Cooper T W, Bauer E A, Eisen A Z
Coll Relat Res. 1983 May;3(3):205-15. doi: 10.1016/s0174-173x(83)80004-1.
A specific and sensitive indirect inhibition enzyme-linked immunosorbent assay (ELISA) was develop for human skin collagenase. Using an antiserum dilution of 1: 8000, the ELISA could detect 0.2 ng of enzyme, which was approximately 10 times more sensitive than the previously described radioimmunoassay for human skin collagenase. The assay was also highly reproducible. In comparative studies, bacterial, tadpole and crab collagenases did not react in the ELISA. Rat uterine collagenase and collagenases from bovine gingival explants and fibroblasts displayed approximately 0.1% of the reactivity found with human skin collagenase. Human synovial and gingival collagenases and collagenase from skin fibroblasts from patients with recessive dystrophic epidermolysis bullosa showed almost complete identity with the normal human skin fibroblast enzyme.

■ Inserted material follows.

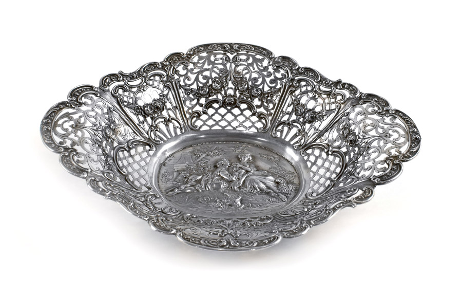 CESTINO IN ARGENTO Germania, XIX Sec. traforato ed inciso a motivi floreali e di volute, al centro sbalzato a raffigurare una scena galante, orafo J.D.Schleibner  cm. 5,5x30x24 peso 317 gr.

已开发出一种针对人皮肤胶原酶的特异性且灵敏的间接抑制酶联免疫吸附测定法(ELISA)。使用1:8000的抗血清稀释液,该ELISA可检测到0.2纳克的酶,其灵敏度约为先前描述的人皮肤胶原酶放射免疫测定法的10倍。该测定法也具有高度的可重复性。在比较研究中,细菌、蝌蚪和蟹胶原酶在ELISA中无反应。大鼠子宫胶原酶以及来自牛牙龈外植体和成纤维细胞的胶原酶的反应性约为人皮肤胶原酶的0.1%。人滑膜和牙龈胶原酶以及隐性营养不良性大疱性表皮松解症患者皮肤成纤维细胞的胶原酶与正常人皮肤成纤维细胞酶几乎完全相同。